- Born: Claire Wilson de Rezende 24 November 1855 Paris, France
- Died: 19 December 1933 (aged 78) Porto, Portugal
- Known for: Painting
- Movement: Naturalism

= Clara de Resende =

Portuguese artist (1855–1933)

Clara de Resende (1855–1933), born Claire Wilson de Rezende, was a Portuguese painter who had only a brief career due to illness. The daughter of the painter, sculptor, and professor of fine arts, Francisco José Resende, her name was given to a secondary school in Porto.
==Early life==
Resende was born in Paris and registered under the name Claire Wilson de Rezende on 24 November 1855. She was the daughter of the Romantic painter, sculptor, and professor of fine arts, Francisco José Resende, (1825–1893), a native of Porto, and of Caroline Wilson, who was English and had met Francisco Resende when he was visiting London.
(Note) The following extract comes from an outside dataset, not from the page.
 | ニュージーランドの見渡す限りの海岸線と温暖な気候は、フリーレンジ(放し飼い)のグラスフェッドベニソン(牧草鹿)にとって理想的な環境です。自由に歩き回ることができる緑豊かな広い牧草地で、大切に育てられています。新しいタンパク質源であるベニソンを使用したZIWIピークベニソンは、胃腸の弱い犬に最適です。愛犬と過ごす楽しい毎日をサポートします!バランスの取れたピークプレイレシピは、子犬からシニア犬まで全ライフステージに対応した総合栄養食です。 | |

Clara's father came from an upper-middle-class family in Porto. He had already achieved national recognition as an artist, with patrons including high-ranking and influential figures in Portuguese society such as King Ferdinand II. However, his second stay in Paris proved less successful, as he failed to exhibit his works. Shortly after his daughter was born, he and Wilson separated, and a few months later he returned to Porto with Clara. It appears that she remained in contact with her mother, as there is a copy of a message from her father reminding her to write to her mother. Integrated into the circles of Porto's cultural and intellectual elite from a young age, she was recognized by the local press with various periodicals reporting that she would always accompany her father, whether he was exhibiting or visiting galleries, museums and art exhibitions, attending shows, plays, literary salons, or simply carrying out everyday tasks such as buying materials for his paintings.
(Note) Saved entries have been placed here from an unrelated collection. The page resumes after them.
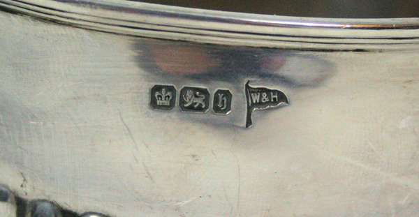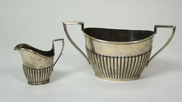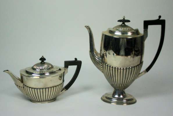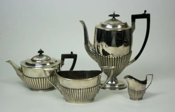 various makers and dates comprising coffee pot, teapot, tin handled sugar (at later matched) milk jug), each with gadrooned lower sections of body and angular handles (4)
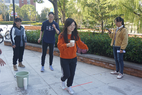 之后,選手通過(guò)解答線索,搜尋八個(gè)地點(diǎn)參與游戲,同時(shí)確定小組的行動(dòng)路線。解開(kāi)線索并順利到達(dá)游戲地點(diǎn)后,同學(xué)們積極分工合作,互相配合,順利完成了 “砥礪前行”、“四渡赤水”、“唱響中國(guó)”、“勇往直前”、“心有靈犀”、“不忘初心”、“扭轉(zhuǎn)乾坤”、“飛奪瀘定橋”等游戲。每項(xiàng)游戲之后,每支隊(duì)伍有一次答題機(jī)會(huì),題目包括黨史、黨章、中華民族傳統(tǒng)文化等,答對(duì)題目可獲得額外加分。
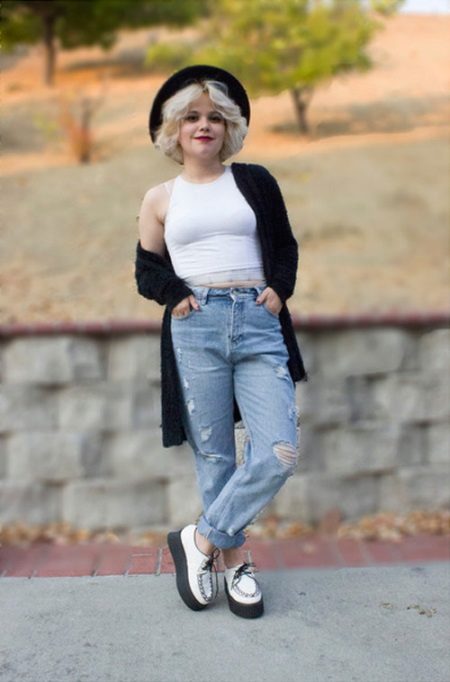 Young people prefer to wear wide jeans, which have many pockets, are decorated with various decors and have lacing at the bottom of the legs. This jeans model looks stylish with an elongated T-shirt that fits freely on the figure, with a T-shirt or a slightly stretched pullover of small knitting. A great addition would be flat shoes like boots, sneakers or sneakers.
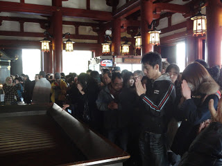 The place was absolutely packed, even though by this time a very cold wind was already building up. Still, there were very few tourists to be seen: on the outside people were just strolling along the shops, and inside people were making donations, praying, having their fortune told, buying good fortune charms, and other staples of Japanese temples. I saw that this temple had a special rack to tie up the Kyô (awful luck) fortune, which may have saved Tomo from Azumanga a headache in that one episode.

Resende attended a small school in Porto, run by a Madame Rozalia. Demonstrating an early interest in drawing and painting, at the age of twelve she became a pupil of her father, beginning to study and work with various artistic techniques such as chiaroscuro and sfumato, as well as with different materials, such as pastel and oil paint. Her father exhibited a portrait of her at the Exposition Universelle in Paris in 1867.
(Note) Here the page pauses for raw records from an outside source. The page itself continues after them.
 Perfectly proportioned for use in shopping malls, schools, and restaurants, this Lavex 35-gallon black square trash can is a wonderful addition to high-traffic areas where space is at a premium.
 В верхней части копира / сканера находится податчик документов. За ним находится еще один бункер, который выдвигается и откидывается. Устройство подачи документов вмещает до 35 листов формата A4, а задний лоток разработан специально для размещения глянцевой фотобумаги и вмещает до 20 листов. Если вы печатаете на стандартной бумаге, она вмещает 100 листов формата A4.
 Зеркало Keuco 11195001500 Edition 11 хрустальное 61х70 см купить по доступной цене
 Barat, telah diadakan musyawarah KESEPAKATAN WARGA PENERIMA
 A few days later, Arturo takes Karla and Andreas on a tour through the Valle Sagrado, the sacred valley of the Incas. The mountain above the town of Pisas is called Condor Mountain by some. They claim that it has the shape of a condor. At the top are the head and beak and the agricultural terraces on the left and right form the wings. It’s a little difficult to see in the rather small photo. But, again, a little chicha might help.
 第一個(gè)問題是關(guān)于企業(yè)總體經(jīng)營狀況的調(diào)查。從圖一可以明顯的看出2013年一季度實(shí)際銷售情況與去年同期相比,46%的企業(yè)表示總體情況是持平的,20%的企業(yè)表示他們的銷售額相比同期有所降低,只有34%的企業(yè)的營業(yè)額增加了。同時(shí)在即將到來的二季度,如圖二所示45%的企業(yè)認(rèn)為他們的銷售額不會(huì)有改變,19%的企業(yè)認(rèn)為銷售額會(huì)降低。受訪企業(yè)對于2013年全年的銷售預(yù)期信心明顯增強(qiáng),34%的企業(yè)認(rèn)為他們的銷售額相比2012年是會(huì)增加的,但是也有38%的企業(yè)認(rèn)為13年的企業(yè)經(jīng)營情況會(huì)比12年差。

==Exhibitions and artistic career==
Deciding to follow in her father's footsteps, her first works were exhibited in 1869, with four of her drawings being presented at the triennial exhibition of the Academy of Fine Arts of Porto, where her father was a professor. Her drawings, all portraits, done with a stump, represented both historical and classical figures such as Alexander the Great and contemporary figures such as the Porto architect and artist Manuel José Carneiro. In 1874 and 1878 she again exhibited at the triennial exhibition, presenting several still life oil paintings and charcoal drawings, adopting naturalism and realism as her own style. In 1877, she also participated in a painting exhibition to reveal young talents from Porto, held at Porto's Crystal Palace.

==Degenerative disease and last works==
Despite being gifted, Resende had a short artistic life. Before she was 30 she began to suffer from several illnesses including a degenerative disease that deformed her hands. Despite her physical limitations, and with sporadic trips to Paris and the Pyrenees for treatment, she managed in the following years to contribute some works to the Volunteer Firefighters' Bazaar in 1880 and the Fine Arts Bazaar held at the Crystal Palace in 1882. In 1885 and 1888, she participated respectively in the bazaar of the Porto Liberal Association and the Crystal Palace Exhibition dedicated to decorative arts.

==Death==
Resende was looked after by her father until his death in 1893, after which she moved to one of the hospitals of the Santa Casa da Misericórdia in Porto. She died on 19 December 1933, and was buried in the Agramonte Cemetery of Porto, next to her father.

==Tributes and legacy==
Her works are currently mainly in private collections. In 1978 a school that offered technical education to girls in Porto was renamed as the Colégio Estadual Clara de Resende.